La dissimulation des faits ayant une incidence sur l’activité professionelle du salarié, bien que relatifs a sa vie priv ée, ne retient pas d avantage l’indulgence des juges……………………………………………………………………………….. Solliciter un congé pour une raison autre que la véritable justification (Cass. soc., 16 janv. 1985: Cah. prud’h. 1985, p. 98), quelle que soit le mobile de dissimulation (Cass. soc., 15 mars 1983: Bull. Civ. 1983, V, no 157), sont passibles de l’ultime sanction…………………… Taking all the above into consideration, the Court is of the view that the plaintiff’s lie to the defendant can only have the effect of undermining this element of trust which is fundamental in a good employer- employee relationship. As was pertinently held in the case of Barbe J.B. v Shell Mauritius Ltd [2013] SCJ 202, a “breach of trust can in itself be a cause for dismissal” and the Court cited the following extracts from Dalloz- Contrat de Travail a Durée Indeterminée (Rupture – Licenciement pour motif personnel : Conditions) Janvier 2014 at Note 434 “En attachant ses services à un employeur le salarié s’engage à avoir un comportement loyal et honnête. Le manquement aux obligations qui découlent de cet engagement peut constituer une cause réelle et sérieuse de licenciement.” (Emphasis added).

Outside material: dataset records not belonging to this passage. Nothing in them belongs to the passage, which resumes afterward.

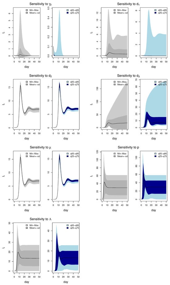 Local sensitivity of state variable (drug-resistant parasites) on all parameters. The light grey region represents from the minimum value to the maximum value; the dark grey region is from the mean value minus the standard deviation to the mean value plus the standard deviation. The light blue region ranges from the 5th percentile to the 95th percentile; the dark blue region ranges from the 25th percentile to the 75th percentile.
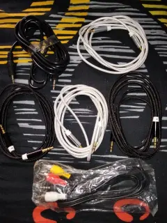 Auxiliares y cable de salida a "TV". Completamente "NUEVOS" AUXILIARES DE UN METRO Y MEDIO TIPO HILO DE CEDA MUY AGUANTADORES A AXIDENTES DE TIPO JALONES Y LOS OTROS CABLES COAXIALES DE ENTRADA A CEL Y SALIDA A "PANTALLA TV"
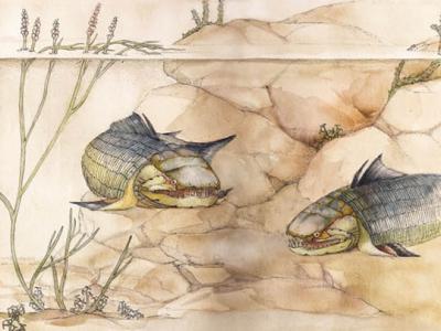 短耳褶纹鱼生活复原(孔嘉仪绘)短耳褶纹鱼及其脑和...
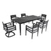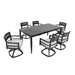7 Pieces Modern Outdoor Patio Dining Set, Rectangular Dining Table, 6 Swivel Rockers With Sunbrella Cushions - Ember Black
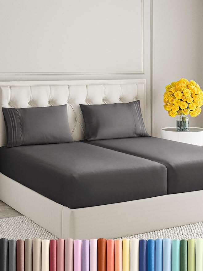 Split King Size 5 Piece Sheet Set - Comfy Breathable & Cooling Sheets - Hotel Luxury Bed Sheets for Women & Men - Deep Pockets, Easy-Fit, Soft & Wrinkle Free Sheets - Dark Grey Oeko-Tex Bed Sheet Set
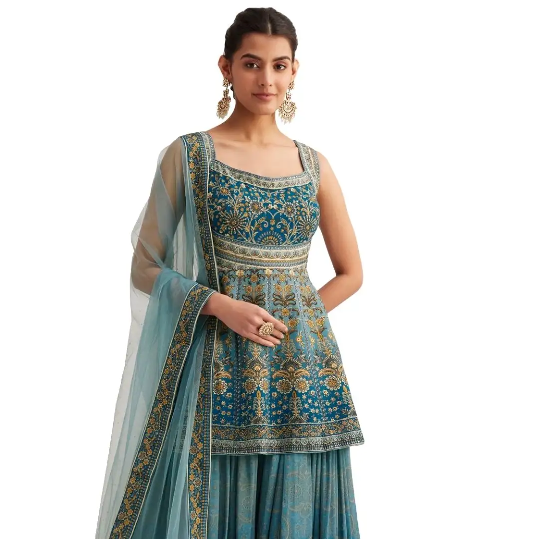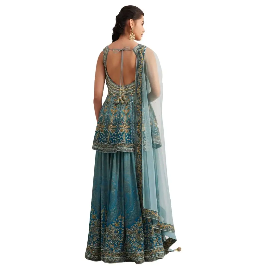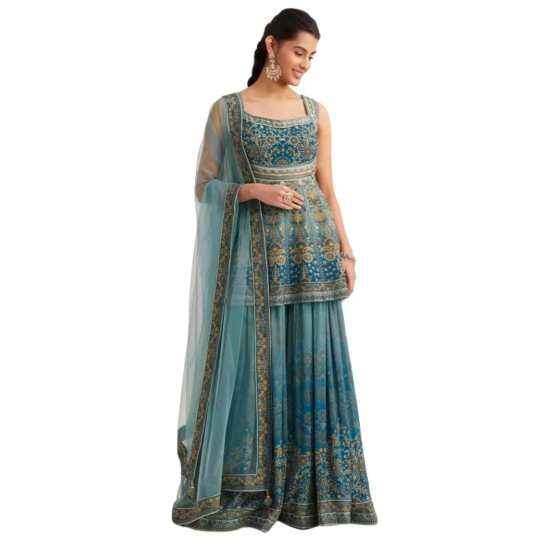 Blue Ombre Crepe Kurta Palazzo Set With Embellished Net Dupatta Wholesale Women Ethnic OEM Clothing Factory Supplier Outfit

Conclusion In the light of all the above, having found that the acts and doings of the plaintiff in lying to his employer constitute a breach of trust, the Court is not satisfied that the plaintiff has proved his case on a balance of probabilities to the effect that the termination of his employment was unjustified. On the other hand the defendant has satisfied this Court that it could no longer maintain a good working relationship with the plaintiff as the latter by his conduct has breached the bond of trust in the employer-employee relationship leaving it with no alternative course of action than to put an end to his employment. Hence the present plaint is therefore set aside. This 31 st January 2020

K. Bissoonauth (Mrs) Ag. President, Industrial Court.